Airway eosinophil accumulation on sensory neuropeptide release in a guinea pig model of distilled-water-induced bronchoconstriction.

BACKGROUND: Increased numbers of eosinophils in the airways is characteristic of asthma. However, it remains unclear whether airway eosinophils enhance or reduce the release of neuropeptides in the airways in vivo. This study was conducted to elucidate the influence of airway eosinophil accumulation on the ultrasonically nebulized distilled water (UNDW)-induced bronchoconstriction in our newly developed animal model, which is mediated by sensory neuropeptides. METHODS: Guinea pigs were transnasally treated with 100 mg/kg of platelet activating factor (PAF), or vehicle, twice a week for 3 weeks. We then conducted three experiments. In the first, UNDW was inhaled 20 min after aerosolized antigen challenge, and bronchoalveolar lavage (BAL) was performed in PAF-treated and passively sensitized animals.
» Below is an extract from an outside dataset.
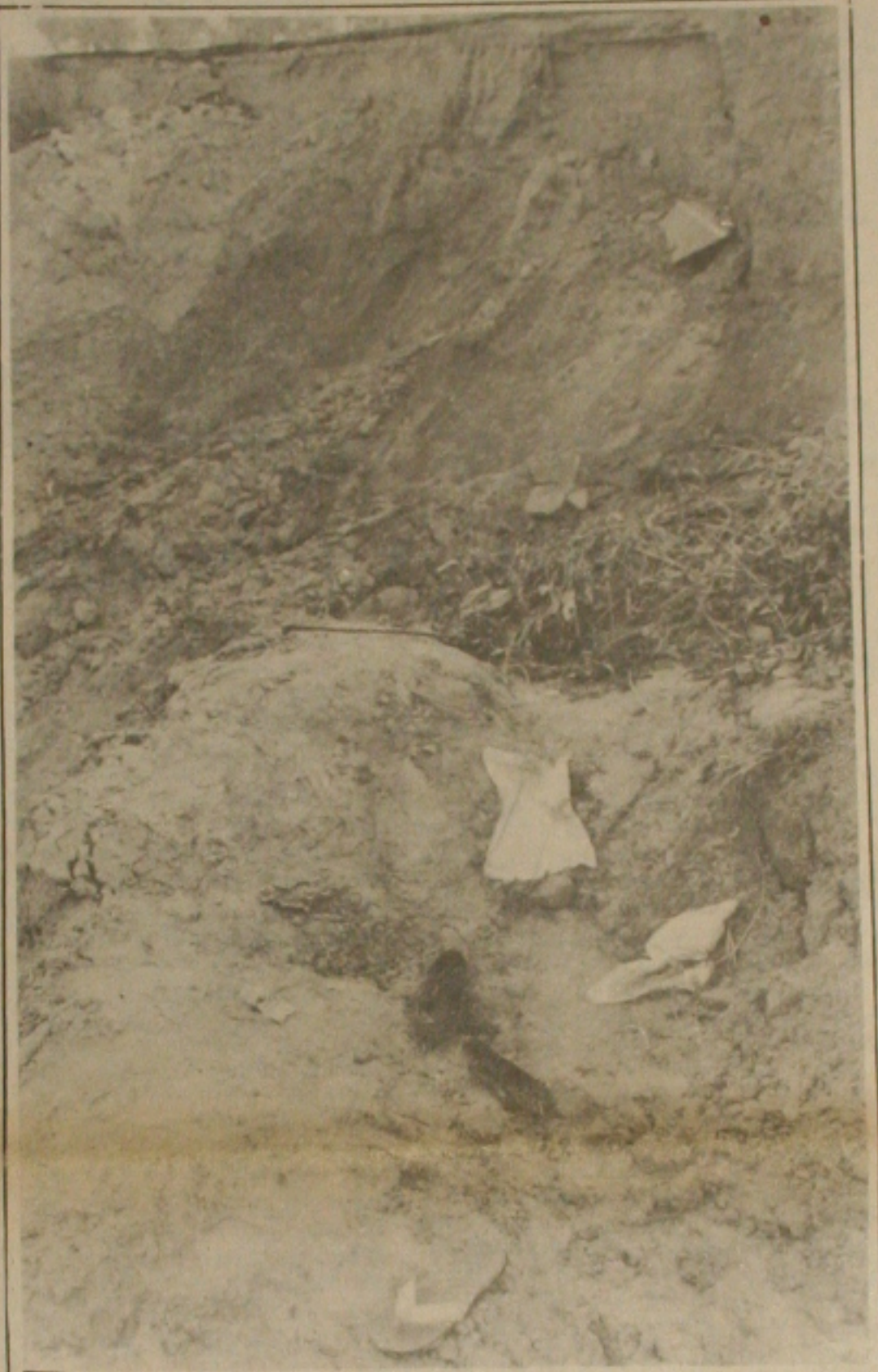
No interior da cratera aberta pelo deslizamento da pista, restaram apenas roupas e sapatos das vítimas.

Brasília - Quem passou ontem numa agência dos Correios foi surpreendido com o aumento de 23,08% nas tarifas postais. O reajuste, autorizado pelo Ministério da Fazenda, foi concedido pelo Conselho de Administração dos Correios

In the second, PAF-treated animals were exposed for 20 s to ascending doses of methacholine at intervals of 5 min In the third, passively sensitized animals were administered selective NK1 antagonist, SR 140333, selective NK2 antagonist, SR 48968, or vehicle, intravenously 5 min before UNDW-induced bronchoconstriction. RESULTS: The proportion of eosinophils in BAL fluid was significantly increased in guinea pigs treated with PAF, compared with the vehicle. The PAF treatment did not affect antigen-induced immediate asthmatic response, UNDW-induced bronchoconstriction, or bronchial responsiveness to inhaled methacholine. SR 140333, but not SR 48968, inhibited the UNDW-induced bronchoconstriction. CONCLUSION: We conclude that eosinophils accumulated in the airways, caused by repeated intranasal administration of PAF, does not affect the release of substance P induced by UNDW inhalation, or the action of released substance P in vivo.